Archives of Support Questions (Read Only)

This is an archived board for historical reference. Information and links may no longer be available or relevant
Announcements
This board is archived and read-only for historical reference. To ask a new question, please post a new topic on the appropriate active board.

Concern about Replication when Scheduled NameNode Maintenance

avatar
Expert Contributor

CentOS 6.6
CDH 5.1.2


I would like to take down a DataNode temporary (say, for 24 hours). Some questions:

 

  1. For normally replicated blocks (target replication factor=3), can I disable HDFS to automatically re-replicate those blocks? 
  2. For un-replicated blocks (replication factor=1), can I do anything to pre-relocate those blocks in case they are in the DataNode to be taken down?

Understand I risk data loss. But those were not critical data anyway.

 

Thanks.

1 ACCEPTED SOLUTION

avatar
Mentor
For (1), the answer right now is no. Once the dead node detection occurs, NameNode will swiftly act at re-replicating the identified lost replicas. There's something along the lines of what you need being worked upon upstream via https://issues.apache.org/jira/browse/HDFS-7877 but the work is still in progress and will only arrive in a future undetermined CDH release.
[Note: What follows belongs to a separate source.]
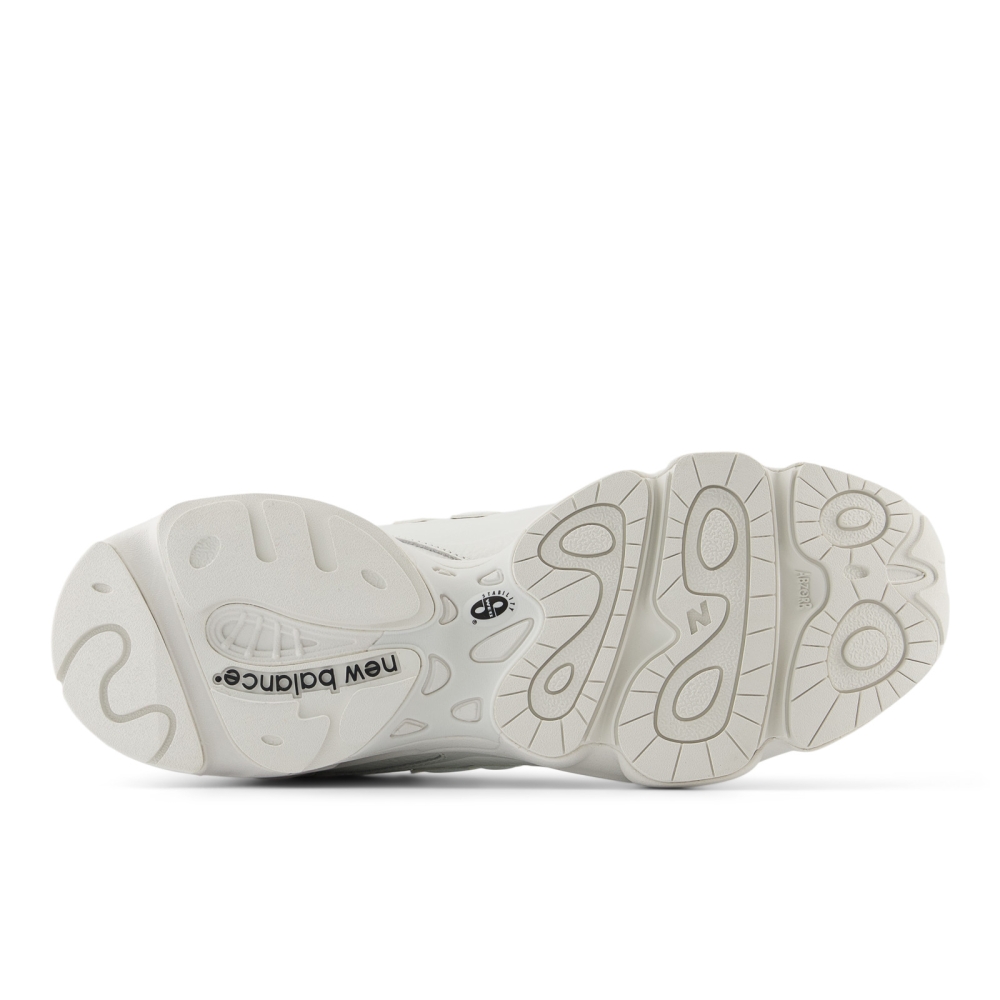 Архивная беговая модель получила обновлённый силуэт с техничными деталями и объёмным дизайном. Панели из кожи и сетки образуют сложную многослойную структуру, а цветовая гамма «Sea Salt / Reflection» подчёркивает минимализм в стиле ретро-футуризма.

For (2), you can hunt such files with replication factor of 1 and raise them to 2 and wait for under-replication count to reach 0 before you take the DN down. The change of replication factor is doable by the command 'hadoop fs -setrep'.

View solution in original post

1 REPLY 1

avatar
Mentor
For (1), the answer right now is no. Once the dead node detection occurs, NameNode will swiftly act at re-replicating the identified lost replicas. There's something along the lines of what you need being worked upon upstream via https://issues.apache.org/jira/browse/HDFS-7877 but the work is still in progress and will only arrive in a future undetermined CDH release.

For (2), you can hunt such files with replication factor of 1 and raise them to 2 and wait for under-replication count to reach 0 before you take the DN down. The change of replication factor is doable by the command 'hadoop fs -setrep'.